「筱筱,我為什麼不能變呢?你難道不知道我的改變,都是為了你嗎?」
陸澤嶼突然上前一步,縮短兩人之間的距離,有力的手直接扣住她的雙肩,將她禁錮住,不讓她有逃跑的機會。
順著優美的脖頸望去,白筱筱的臉依舊像是他記憶中那樣明艷動人。可這份美好,如今卻不再屬於自己了,心底的不甘讓陸澤嶼眼底最後一點溫潤徹底褪去。
「澤嶼,你不是為了我,你是為了你自己。」白筱筱直視他暗沉的眼眸,不過才幾個月的時間,一切都變得物是人非了。
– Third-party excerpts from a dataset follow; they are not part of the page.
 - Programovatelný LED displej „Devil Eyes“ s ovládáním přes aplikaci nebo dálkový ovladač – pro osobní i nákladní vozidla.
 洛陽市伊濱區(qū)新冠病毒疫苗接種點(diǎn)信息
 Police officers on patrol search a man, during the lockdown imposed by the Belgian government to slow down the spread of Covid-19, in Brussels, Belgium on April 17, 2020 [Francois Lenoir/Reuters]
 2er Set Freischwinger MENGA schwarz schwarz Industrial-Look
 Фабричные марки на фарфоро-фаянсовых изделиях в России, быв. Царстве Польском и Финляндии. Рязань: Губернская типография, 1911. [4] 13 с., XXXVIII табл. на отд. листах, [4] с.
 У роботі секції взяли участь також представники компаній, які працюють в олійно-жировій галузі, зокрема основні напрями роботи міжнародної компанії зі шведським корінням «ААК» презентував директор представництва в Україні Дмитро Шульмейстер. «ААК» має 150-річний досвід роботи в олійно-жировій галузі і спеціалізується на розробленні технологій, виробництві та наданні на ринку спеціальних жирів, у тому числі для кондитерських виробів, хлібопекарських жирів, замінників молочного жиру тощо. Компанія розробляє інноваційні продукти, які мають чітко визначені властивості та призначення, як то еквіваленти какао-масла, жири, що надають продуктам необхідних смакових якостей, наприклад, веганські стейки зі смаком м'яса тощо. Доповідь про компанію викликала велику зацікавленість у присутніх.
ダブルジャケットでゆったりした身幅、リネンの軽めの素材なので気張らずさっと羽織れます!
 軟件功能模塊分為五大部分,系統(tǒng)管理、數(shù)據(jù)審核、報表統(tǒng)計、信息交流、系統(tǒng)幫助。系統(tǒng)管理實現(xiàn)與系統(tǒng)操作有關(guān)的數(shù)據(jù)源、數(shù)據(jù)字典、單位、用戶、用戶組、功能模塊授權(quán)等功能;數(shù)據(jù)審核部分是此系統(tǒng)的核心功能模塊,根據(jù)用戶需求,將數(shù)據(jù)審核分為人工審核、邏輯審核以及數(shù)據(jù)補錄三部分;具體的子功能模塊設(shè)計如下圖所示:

「筱筱,你怎麼能這麼說?如果不是為了你,為了我們的將來,我怎麼會和陸瑾川那個野種……」陸澤嶼情緒變得激動起來,只是還沒等他說完。
便被白筱筱出聲打斷了。
「澤嶼,夠了,不管怎麼說,陸瑾川現在都是我的丈夫,我不允許任何人詆毀侮辱他。」
白筱筱的聲音有些清冷,連帶著眼底也跟著冷了幾分。
聞言,陸澤嶼不敢置信的瞪大眼睛看著白筱筱,她既然將那個野種當作丈夫,這個女人明明是屬於他的不是嗎?要不是陸瑾川橫插一腳的話,那麼現在陪在自己身邊的人不是蘇曼妮而是筱筱。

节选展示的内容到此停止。